- Festnetz Inland: Teilweise deutlich teurer
Wenn Sie Call-by-Call für Inlandsgespräche nutzen, sollten Sie
in den nächsten Tagen unbedingt Ihre Tariflisten aktualisieren,
wenn Sie das noch nicht getan haben. Denn es gibt einige, teils
drastische Preisaufschläge seit 1. Juli. Die neuen Tarife finden
Sie wie üblich in unserer Tarifdatenbank auf
http://www.teltarif.de/ .
Interoute hat zwar die Minutenpreise
unverändert gelassen, aber einen Zuschlag von 6 Pfennig für
jede Verbindung eingeführt. Arcor und
o.tel.o haben die Tarifstruktur
umgestellt; es gibt jeweils nur noch einen Haupt- und
einen Nebenzeittarif, dafür kostet die Gesprächsminute nun
mindestens 4,3 statt bisher 3,9 Pfennig, allerdings gilt
der Nebenzeittarif jetzt auch am gesamten Wochenende. In der
Geschäftzeit von 7 bis 18 Uhr kostet ein Ferngespräch
jetzt happige 18 Pfennig pro Minute.
Der Büdelsdorfer Anbieter MobilCom
hat den günstigen Nachttarif von 4 Pfennig pro
Minute gleich ganz gestrichen und verlangt nun mindestens
8 Pfennig pro Gesprächsminute. Doch damit nicht genug:
Am Wochenende zwischen 7 und 19 Uhr berechnet MobilCom
den Hauptzeittarif von 12 Pfennig pro Minute. Während
dieser Zeit verlangt selbst die Deutsche Telekom beim
Standardtarife (kein Aktiv Plus oder XXL) "nur" 6 bzw. 9 Pfennig
pro Minute!
Auch Multitelecom hat
sein Call by Call (anmeldepflichtig) und Preselection
zum 1. Juli geändert. Der Kunde kann zwischen der
Sekunden- oder Minutentaktung wählen. Bis jetzt galt
generell der faire Sekundentakt. Die Gesprächspreise für
Inlandsverbindungen steigen im Pre-Selection bei sekundengenauer
Taktung in der Hauptzeit von derzeit 6,96 Pfennig
die Minute (Fernbereich) auf 7,7 Pfennig pro Minute
bzw. von derzeit 5,8 Pfennig die Minute (Nahbereich)

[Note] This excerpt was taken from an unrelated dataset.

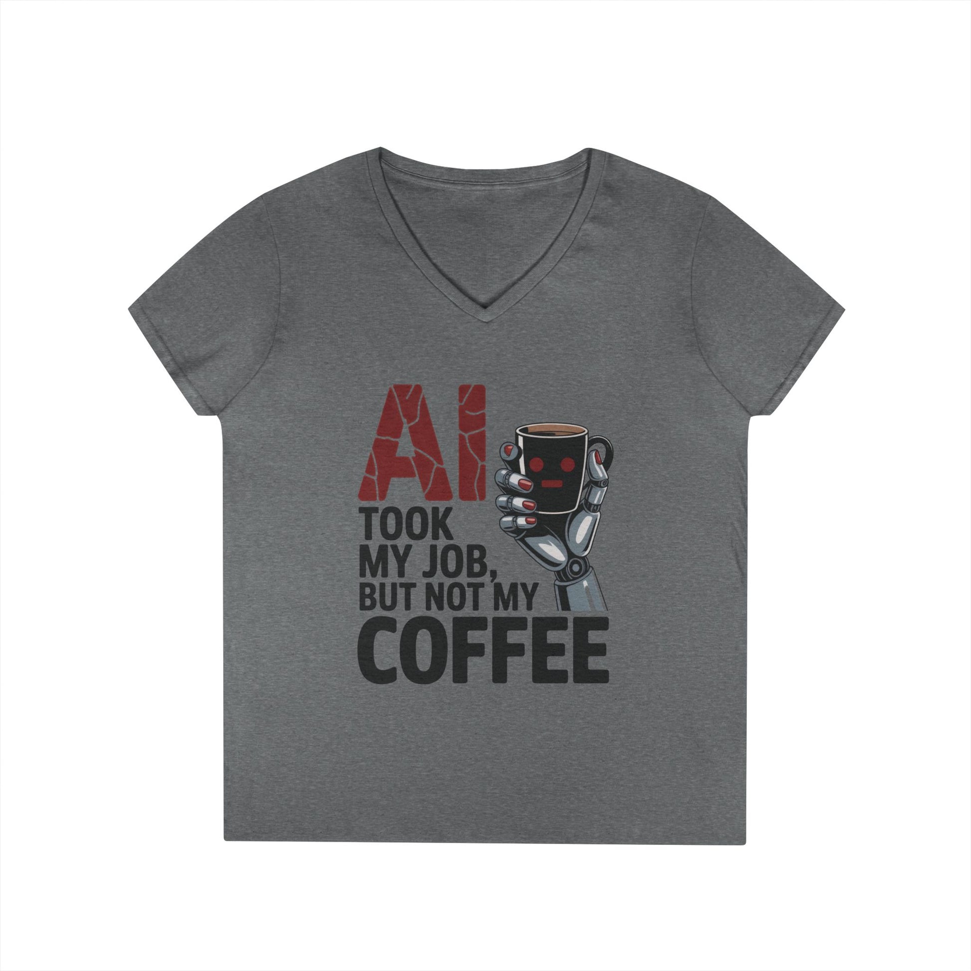 Ladies' V-Neck T-Shirt, Women's AI Coffee T-Shirt, Funny Robot Job Humor Tee, Geek Sarcastic Gift for Her, Sarcastic Work Shirt

auf 6 Pfennig pro Minute. Die Minutenpreise in der
Nebenzeit bleiben konstant (5,8 Pfennig im Fernbereich)
bzw. sinken leicht (derzeit 4,64 Pfennig im Nahbereich
künftig 4,6 Pfennig).
Trotz der Preissteigerung ist Multitelecom, ein Reseller
von COLT Telecom, weiterhin interessant. Informationen zur
Anmeldung und Kontaktadressen von Multitelecom finden Sie wie
üblich auf unserer Homepage. Ausgehend von www.teltarif.de
klicken Sie in der Karteikarte "Festnetz" auf den Link
"Fenstnetz-Anbieter" und dort dann auf Multitelecom.
Selbstverständlich finden Sie auch Informationen zu praktisch
allen anderen Telefon-Unternehmen bei uns!
Gespräche in die Mobilfunknetze werden bei Multitelecom
durchweg günstiger: Ab Juli kostet die Gesprächsminute in alle
Mobilfunknetze 46 Pfennige - angesichts der sekundengenauen
Abrechnung kein schlechter Preis.
Last but not least verlängert Telefonprovider
prompt verlängerte ab dem 4. Juli
das Zeitfenster für den teuren Geschäfts-Tarif um eine
Stunde. Im nationalen Call by Call über die 01055 beginnt
die Geschäftszeit jetzt statt um 9 schon um 8 Uhr.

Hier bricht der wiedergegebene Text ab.